Gobernantes miserables de un país con un porcentaje demasiado alto de ciudadanos miserables. Capaces de olvidar enseguida, de perdonar la impericia y el desinterés. Aunque cause muertes y dolor, como cada uno de estos siniestros que se repiten con tal asiduidad que deberemos convencernos por fin de que Dios no es argentino y que, por tanto, ya no basta con dejar todo en sus manos.
Las obras que debía realizar la Nación no se hicieron. Las que estaban bajo jurisdicción de la Provincia, tampoco. Ni las que le correspondían al gobierno de la CABA. Nadie hizo nada. Y créame, nadie va a hacer nada. Todos y cada uno de nuestros gobernantes saben que están frente a un país engañable, manoseable y despreciable. Y actúan en consecuencia, porque actuar así no genera consecuencias para ellos.
Triste y dolorosa verdad, es cierto. Pero verdad al fin. Y como tal, tenemos que decirla con absoluta claridad, si es que pretendemos que el próximo muerto por inundación, incendio u explosión, por choque de trenes o porque la inseguridad es tan sólo una sensación, no sea uno de nosotros. O lo que es peor, uno de los nuestros.

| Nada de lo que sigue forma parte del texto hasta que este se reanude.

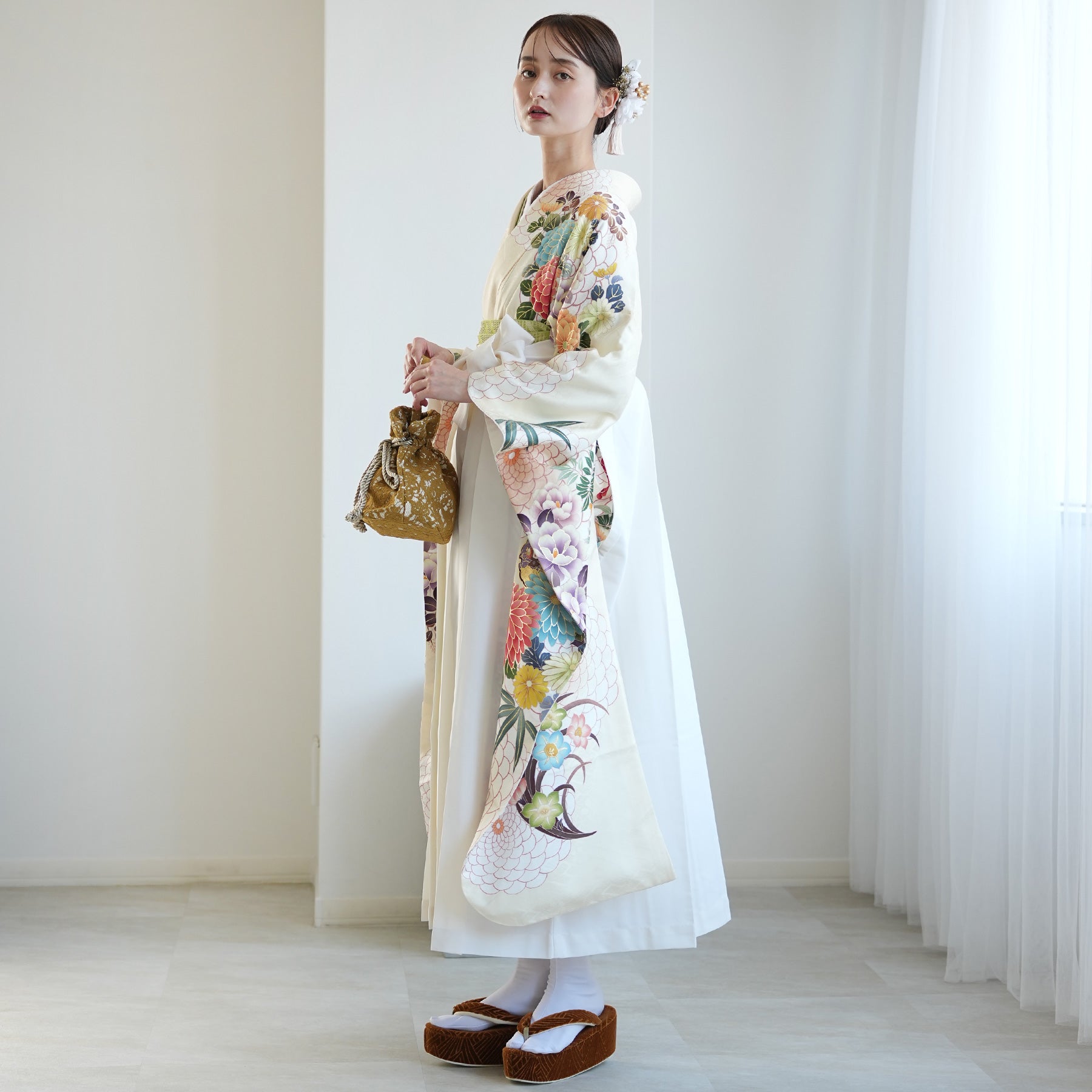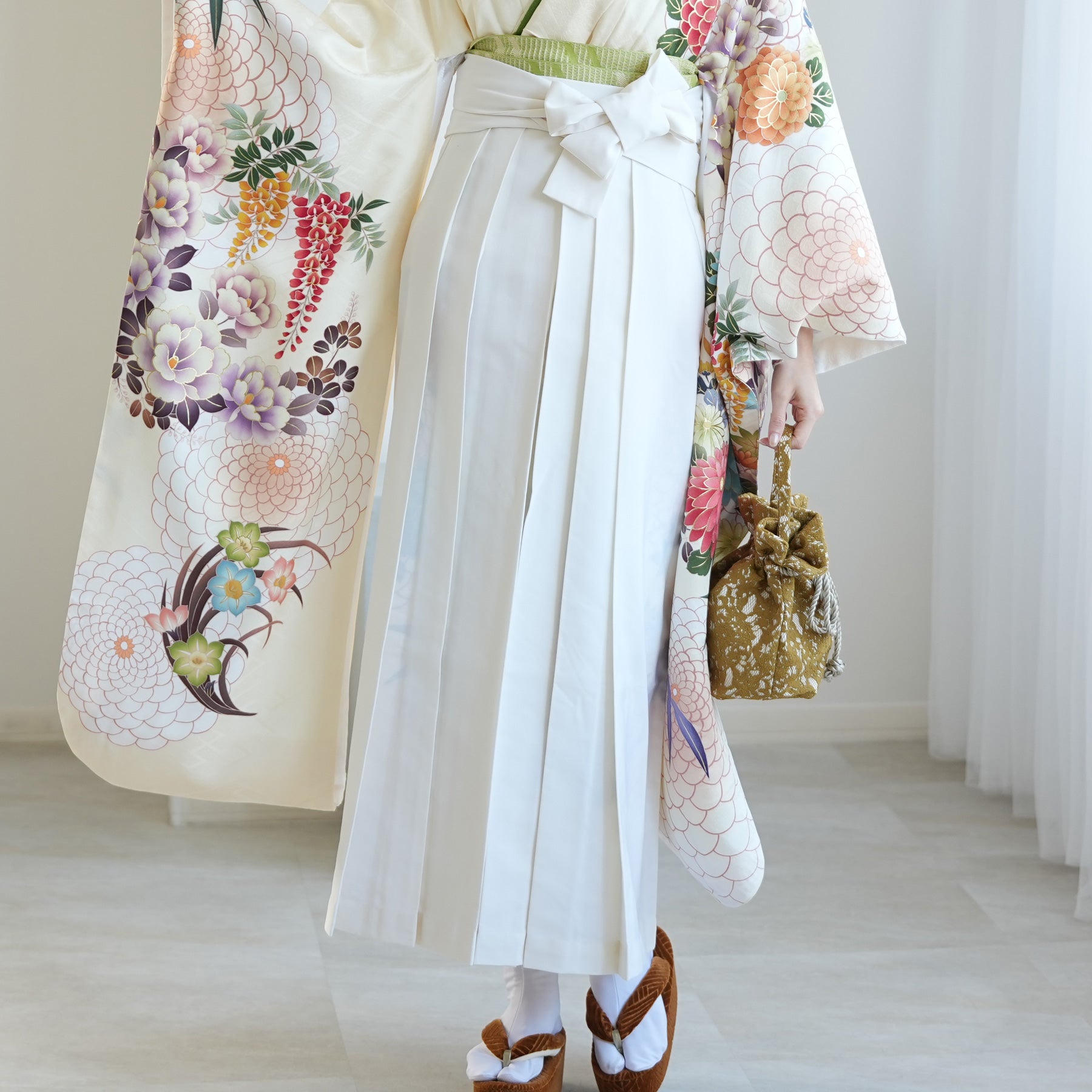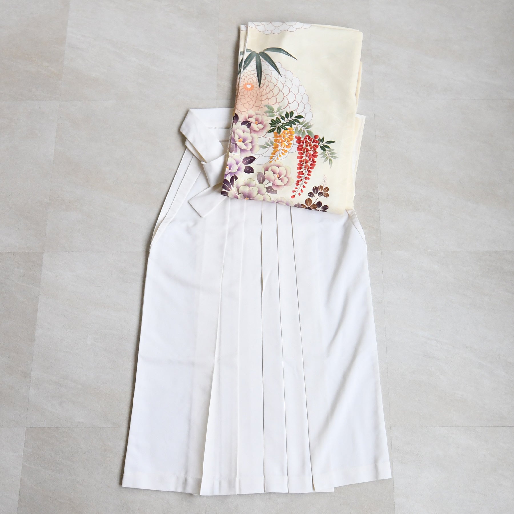 【レンタル】 袴 18点セット クリームに大きな丸菊と藤 正絹振袖着物 袴91cm(身長153-158cm) ブーツ着用時165cmまで適応  卒業式 大学生にも(1014651511)

Hasta que a lo mejor, un día que Dios quiera, no muy lejano, comprendamos que cualquier argentino al que le ocurra algo semejante es también uno de nosotros. Aunque” los otros”, los que nos gobiernan, crean -con bastante razón- que con unos pocos pesos y algo de circo pueden lograr que nos olvidemos de ello. Aunque el agua sucia nos llegue al cuello.